Nov. 6 (Bloomberg) -- Babylon Ltd., the Israeli translation software provider that has a partnership with Google Inc., will seek to raise $115 million in an initial U.S. public offering of shares that it wants to list on the Nasdaq stock exchange.
The Or Yehuda, Israel-based company plans to use the funds from the sale to cover marketing costs as it expands business and “may also use a portion of the net proceeds to make acquisitions or investments in complementary companies or technologies,” according to a prospectus filed yesterday with the U.S. Securities and Exchange Commission.
Babylon’s stock has surged 253 percent this year, outpacing a 13 percent advance for the benchmark TA-25 Index, as income increased due largely to an advertisement revenue-sharing agreement with Google, the most-used Internet search engine. The sale comes amid investor concern a change to the Google agreement could endanger future earnings.
“We derive the substantial majority of our revenues from our agreement with Google, and the termination of, or our failure to renew, this agreement could have a material adverse effect on our results of operations,” Babylon said in the filing.
Shares of Babylon, which also said it would stop paying dividends for “the foreseeable future” to fund its expansion, fell as much as 5.3 percent to 31.65 shekels, before trading at 32.09 shekels at the 4:30 p.m. close in Tel Aviv. Today’s volume of 1.08 million shares traded was 165 percent of the three-month daily average.
“Investors were hoping they’d raise double that amount,” said Beni Dekel, a senior equity analyst at the Union Bank of Israel Ltd., referring to Babylon’s intention to raise $115 million. The amount listed in the filing is preliminary and may still change, Dekel said.
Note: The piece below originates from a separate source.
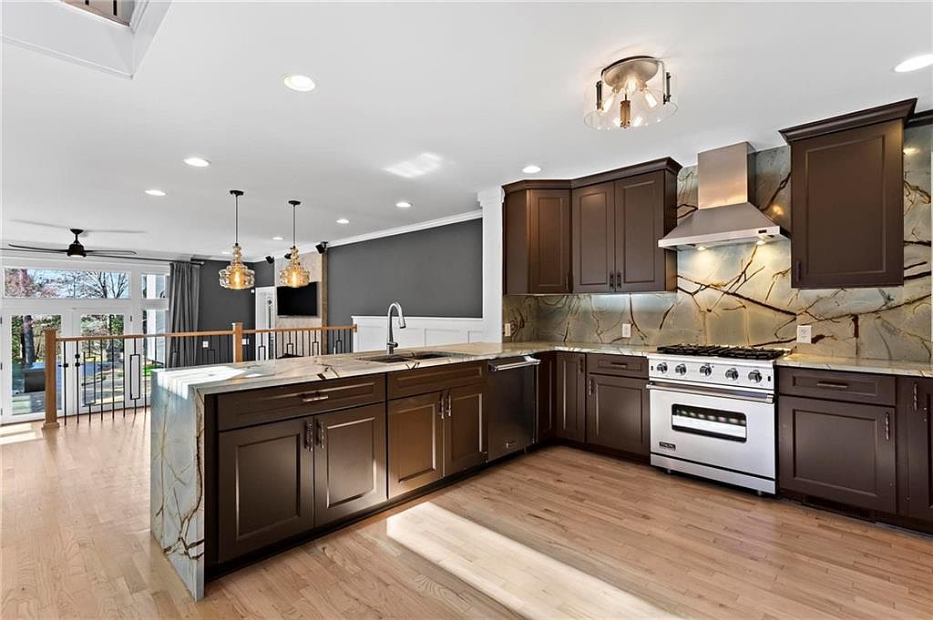 This spacious kitchen features a sleek design with rich dark cabinetry complemented by striking marble countertops and backsplashes that display natural veining patterns. The layout includes a large island with an undermount sink and modern fixtures, offering both functionality and style. Warm wood flooring harmonizes beautifully with the cabinetry, bringing warmth to the space. Stainless steel appliances, including a prominent stove with a vent hood, provide a modern touch. The kitchen opens up to an adjacent living area with ample natural light streaming through large windows, enhanced by recessed lighting and elegant pendant lights, creating an inviting, contemporary atmosphere.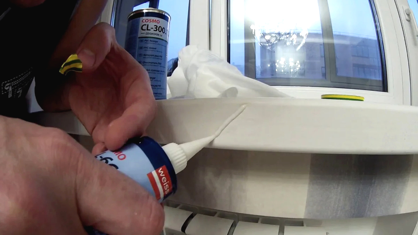 Реставрация начинается с заполнения клеем крупных трещин, после чего необходимо обезжирить поверхность и намазать ее клеевым составом. Накладка необходимого размера прикладывается к подоконнику и прижимается грузом. Поверхность должна сохнуть на протяжении 6 часов. Торцевой край нагревается строительным феном и загибается по форме подоконника.

Babylon said on Oct. 17 that Google’s advertising policy changes weren’t expected to significantly impact its performance. The software provider’s third-quarter profit surged six fold after revenue more than tripled.
Controlling shareholders Reed Elsevier Ventures 2004 Partnership LP and Israeli online gaming entrepreneur Noam Lanir may sell shares in the IPO, according to the filing. Citigroup Inc. and Jefferies Group are the sale’s lead underwriters, the company said.
Google accounted for more than 80 percent of Babylon’s 2011 revenue, according to the filing. The company licenses Google’s search results for a fee and receives a percentage of any advertising revenues generated when a user clicks on a sponsored link provided.